BEGIN DATA FOR THIS TASK

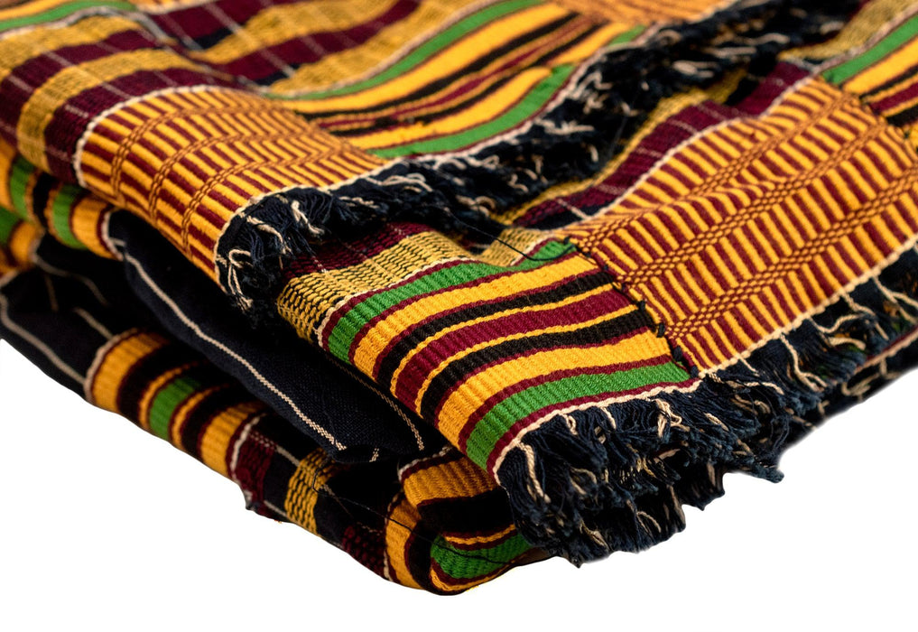 Admire the rich colorful beauty of this authentic vintage Ghanaian Kente Cloth. Woven from cotton, handmade textiles such as this play a central role in the artistic tradition of many West African countries where they are traditionally worn as clothing. Kente cloths are made by the Akan people and were traditionally used solely for royal courts and prestigious occasions. Look carefully and you will see that each piece has its own unique and distinctive pattern. This colorful and vibrant fabric can be used for all kinds of unique design projects. Use it as a table cloth, wall hanging, to make custom clothes, or simply as a colorful accent for your favorite room. This cloth measures approximately 40-44 x 71-75" and is one of a kind. You will receive the exact cloth shown in the photograph!
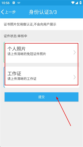 5、在身份認(rèn)證頁(yè)面上傳清晰的免冠證件照片和工作證照片,點(diǎn)擊提交,完成賬號(hào)注冊(cè)流程。
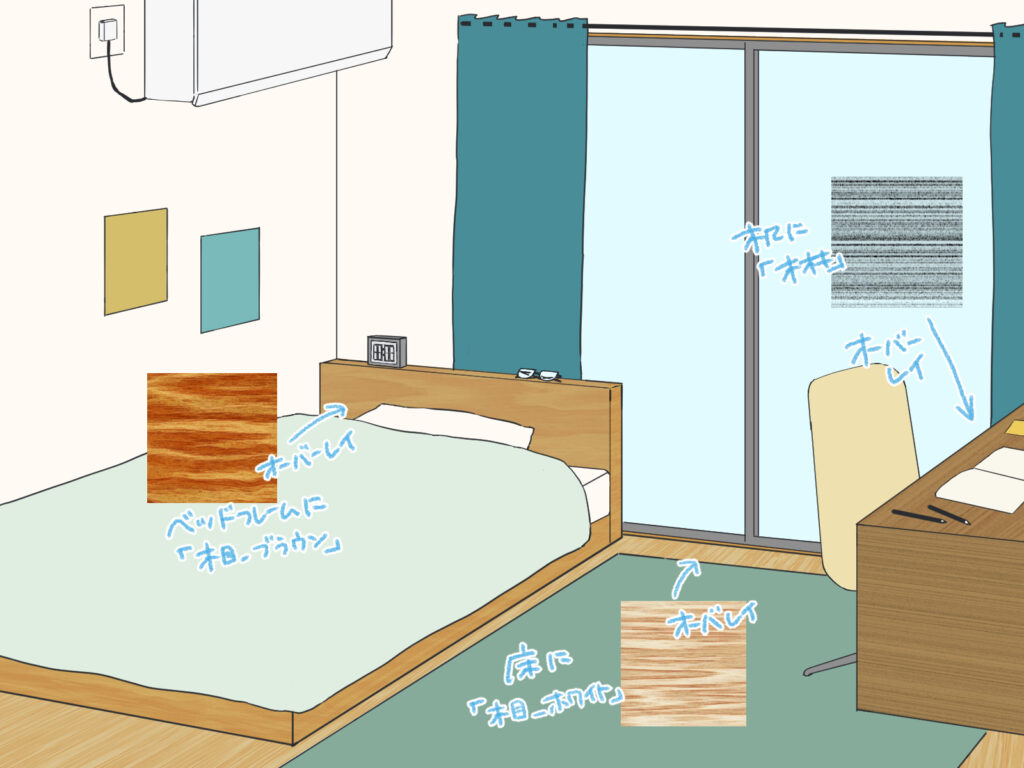 木製の家具には、テクスチャを貼り付けることで質感を簡単に表現することができます。レイヤー効果をオーバーレイにして不透明度を調整して質感を表現しましょう。詳しい使い方は、オーバーレイの使い方の記事をご参照ください。
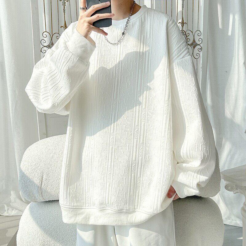 纯色提花打底卫衣T恤男女款春秋季青少年百搭宽松休闲长袖上衣潮
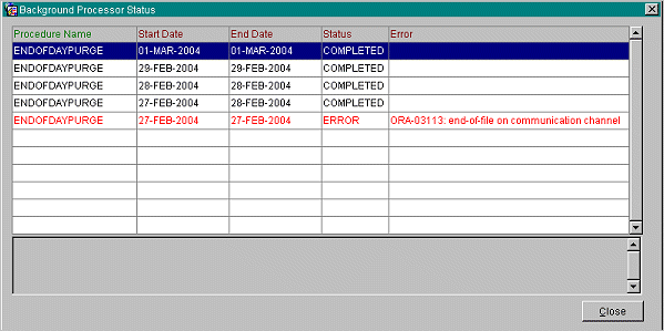 Close. Close the ORS Background Processor Status screen.

END DATA FOR THIS TASK

=== TASK ===
Repeat the material above exactly; any picture in it is left out.

=== RESPONSE AREA ===
 Admire the rich colorful beauty of this authentic vintage Ghanaian Kente Cloth. Woven from cotton, handmade textiles such as this play a central role in the artistic tradition of many West African countries where they are traditionally worn as clothing. Kente cloths are made by the Akan people and were traditionally used solely for royal courts and prestigious occasions. Look carefully and you will see that each piece has its own unique and distinctive pattern. This colorful and vibrant fabric can be used for all kinds of unique design projects. Use it as a table cloth, wall hanging, to make custom clothes, or simply as a colorful accent for your favorite room. This cloth measures approximately 40-44 x 71-75" and is one of a kind. You will receive the exact cloth shown in the photograph!
 5、在身份認(rèn)證頁(yè)面上傳清晰的免冠證件照片和工作證照片,點(diǎn)擊提交,完成賬號(hào)注冊(cè)流程。
 木製の家具には、テクスチャを貼り付けることで質感を簡単に表現することができます。レイヤー効果をオーバーレイにして不透明度を調整して質感を表現しましょう。詳しい使い方は、オーバーレイの使い方の記事をご参照ください。
 纯色提花打底卫衣T恤男女款春秋季青少年百搭宽松休闲长袖上衣潮
 Close. Close the ORS Background Processor Status screen.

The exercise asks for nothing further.